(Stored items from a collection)
⟨

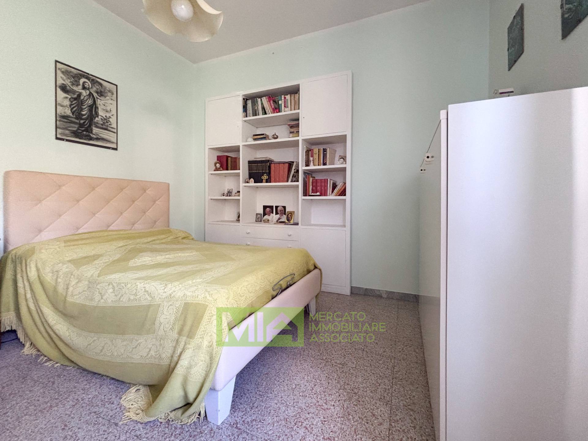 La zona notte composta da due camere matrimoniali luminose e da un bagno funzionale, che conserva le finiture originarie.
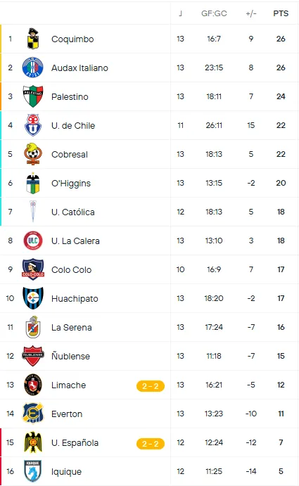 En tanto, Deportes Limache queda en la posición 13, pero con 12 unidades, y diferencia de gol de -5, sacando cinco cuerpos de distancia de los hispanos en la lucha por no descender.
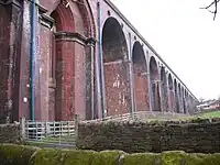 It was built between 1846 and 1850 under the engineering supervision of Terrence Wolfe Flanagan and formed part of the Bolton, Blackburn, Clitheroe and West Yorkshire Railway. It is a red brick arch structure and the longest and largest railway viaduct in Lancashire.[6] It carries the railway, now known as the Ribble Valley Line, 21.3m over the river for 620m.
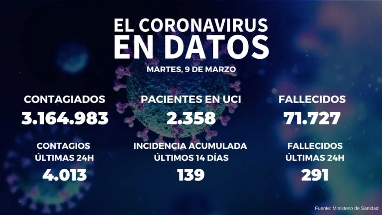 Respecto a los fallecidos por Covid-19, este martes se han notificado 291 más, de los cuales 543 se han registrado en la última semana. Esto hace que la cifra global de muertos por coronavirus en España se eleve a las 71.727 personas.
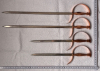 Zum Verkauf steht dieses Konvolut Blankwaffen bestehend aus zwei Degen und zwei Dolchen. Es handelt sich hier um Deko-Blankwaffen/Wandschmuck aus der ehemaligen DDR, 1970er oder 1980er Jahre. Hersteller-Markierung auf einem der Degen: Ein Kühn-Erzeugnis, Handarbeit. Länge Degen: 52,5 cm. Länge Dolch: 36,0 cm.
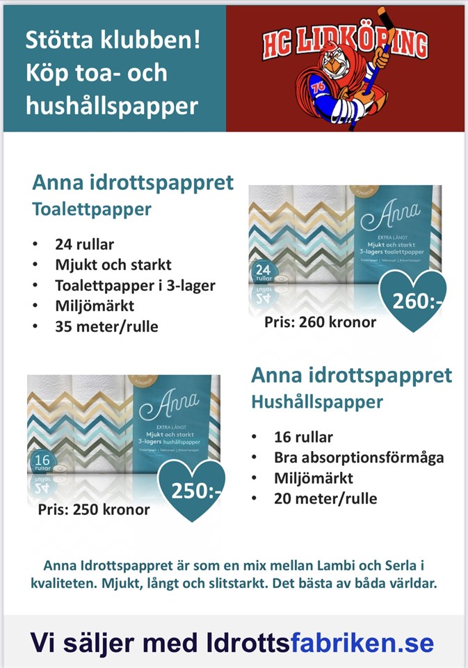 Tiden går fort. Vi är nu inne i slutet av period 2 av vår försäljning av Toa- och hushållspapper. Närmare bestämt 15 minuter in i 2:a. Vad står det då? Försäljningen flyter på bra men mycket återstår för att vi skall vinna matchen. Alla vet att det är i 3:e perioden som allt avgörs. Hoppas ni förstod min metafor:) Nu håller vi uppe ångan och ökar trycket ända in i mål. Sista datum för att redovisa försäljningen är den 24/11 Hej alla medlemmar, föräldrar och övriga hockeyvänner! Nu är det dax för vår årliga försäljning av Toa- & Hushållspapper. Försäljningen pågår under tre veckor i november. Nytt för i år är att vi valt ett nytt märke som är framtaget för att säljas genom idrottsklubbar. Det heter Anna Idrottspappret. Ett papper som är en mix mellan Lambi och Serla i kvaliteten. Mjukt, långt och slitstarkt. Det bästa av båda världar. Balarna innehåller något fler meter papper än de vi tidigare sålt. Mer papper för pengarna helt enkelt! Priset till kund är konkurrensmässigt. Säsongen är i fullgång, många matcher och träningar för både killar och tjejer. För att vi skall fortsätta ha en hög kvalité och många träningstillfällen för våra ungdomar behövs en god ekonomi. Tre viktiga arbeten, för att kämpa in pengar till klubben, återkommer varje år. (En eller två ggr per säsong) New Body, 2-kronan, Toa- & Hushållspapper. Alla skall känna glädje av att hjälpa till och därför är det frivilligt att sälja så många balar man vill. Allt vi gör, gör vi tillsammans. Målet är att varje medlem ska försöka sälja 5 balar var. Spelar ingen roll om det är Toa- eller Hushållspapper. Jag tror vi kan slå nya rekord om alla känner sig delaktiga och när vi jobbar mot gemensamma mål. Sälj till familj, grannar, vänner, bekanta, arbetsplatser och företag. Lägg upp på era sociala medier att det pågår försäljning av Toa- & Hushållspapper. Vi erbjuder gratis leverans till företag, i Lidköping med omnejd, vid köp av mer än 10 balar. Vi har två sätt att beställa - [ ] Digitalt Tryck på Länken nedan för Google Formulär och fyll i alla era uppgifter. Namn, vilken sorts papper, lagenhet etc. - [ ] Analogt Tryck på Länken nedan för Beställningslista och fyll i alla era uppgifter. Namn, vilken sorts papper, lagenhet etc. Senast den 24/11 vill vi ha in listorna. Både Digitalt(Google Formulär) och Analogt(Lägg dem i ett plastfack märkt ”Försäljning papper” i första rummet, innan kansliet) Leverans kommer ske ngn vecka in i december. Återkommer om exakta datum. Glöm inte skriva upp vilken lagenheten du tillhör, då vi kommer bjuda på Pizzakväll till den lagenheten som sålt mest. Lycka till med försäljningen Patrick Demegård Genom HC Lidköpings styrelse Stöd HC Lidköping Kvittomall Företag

⟩

Problem: Give the entries above again word for word, without any pictures.

Response area:
 La zona notte composta da due camere matrimoniali luminose e da un bagno funzionale, che conserva le finiture originarie.
 En tanto, Deportes Limache queda en la posición 13, pero con 12 unidades, y diferencia de gol de -5, sacando cinco cuerpos de distancia de los hispanos en la lucha por no descender.
 It was built between 1846 and 1850 under the engineering supervision of Terrence Wolfe Flanagan and formed part of the Bolton, Blackburn, Clitheroe and West Yorkshire Railway. It is a red brick arch structure and the longest and largest railway viaduct in Lancashire.[6] It carries the railway, now known as the Ribble Valley Line, 21.3m over the river for 620m.
 Respecto a los fallecidos por Covid-19, este martes se han notificado 291 más, de los cuales 543 se han registrado en la última semana. Esto hace que la cifra global de muertos por coronavirus en España se eleve a las 71.727 personas.
 Zum Verkauf steht dieses Konvolut Blankwaffen bestehend aus zwei Degen und zwei Dolchen. Es handelt sich hier um Deko-Blankwaffen/Wandschmuck aus der ehemaligen DDR, 1970er oder 1980er Jahre. Hersteller-Markierung auf einem der Degen: Ein Kühn-Erzeugnis, Handarbeit. Länge Degen: 52,5 cm. Länge Dolch: 36,0 cm.
 Tiden går fort. Vi är nu inne i slutet av period 2 av vår försäljning av Toa- och hushållspapper. Närmare bestämt 15 minuter in i 2:a. Vad står det då? Försäljningen flyter på bra men mycket återstår för att vi skall vinna matchen. Alla vet att det är i 3:e perioden som allt avgörs. Hoppas ni förstod min metafor:) Nu håller vi uppe ångan och ökar trycket ända in i mål. Sista datum för att redovisa försäljningen är den 24/11 Hej alla medlemmar, föräldrar och övriga hockeyvänner! Nu är det dax för vår årliga försäljning av Toa- & Hushållspapper. Försäljningen pågår under tre veckor i november. Nytt för i år är att vi valt ett nytt märke som är framtaget för att säljas genom idrottsklubbar. Det heter Anna Idrottspappret. Ett papper som är en mix mellan Lambi och Serla i kvaliteten. Mjukt, långt och slitstarkt. Det bästa av båda världar. Balarna innehåller något fler meter papper än de vi tidigare sålt. Mer papper för pengarna helt enkelt! Priset till kund är konkurrensmässigt. Säsongen är i fullgång, många matcher och träningar för både killar och tjejer. För att vi skall fortsätta ha en hög kvalité och många träningstillfällen för våra ungdomar behövs en god ekonomi. Tre viktiga arbeten, för att kämpa in pengar till klubben, återkommer varje år. (En eller två ggr per säsong) New Body, 2-kronan, Toa- & Hushållspapper. Alla skall känna glädje av att hjälpa till och därför är det frivilligt att sälja så många balar man vill. Allt vi gör, gör vi tillsammans. Målet är att varje medlem ska försöka sälja 5 balar var. Spelar ingen roll om det är Toa- eller Hushållspapper. Jag tror vi kan slå nya rekord om alla känner sig delaktiga och när vi jobbar mot gemensamma mål. Sälj till familj, grannar, vänner, bekanta, arbetsplatser och företag. Lägg upp på era sociala medier att det pågår försäljning av Toa- & Hushållspapper. Vi erbjuder gratis leverans till företag, i Lidköping med omnejd, vid köp av mer än 10 balar. Vi har två sätt att beställa - [ ] Digitalt Tryck på Länken nedan för Google Formulär och fyll i alla era uppgifter. Namn, vilken sorts papper, lagenhet etc. - [ ] Analogt Tryck på Länken nedan för Beställningslista och fyll i alla era uppgifter. Namn, vilken sorts papper, lagenhet etc. Senast den 24/11 vill vi ha in listorna. Både Digitalt(Google Formulär) och Analogt(Lägg dem i ett plastfack märkt ”Försäljning papper” i första rummet, innan kansliet) Leverans kommer ske ngn vecka in i december. Återkommer om exakta datum. Glöm inte skriva upp vilken lagenheten du tillhör, då vi kommer bjuda på Pizzakväll till den lagenheten som sålt mest. Lycka till med försäljningen Patrick Demegård Genom HC Lidköpings styrelse Stöd HC Lidköping Kvittomall Företag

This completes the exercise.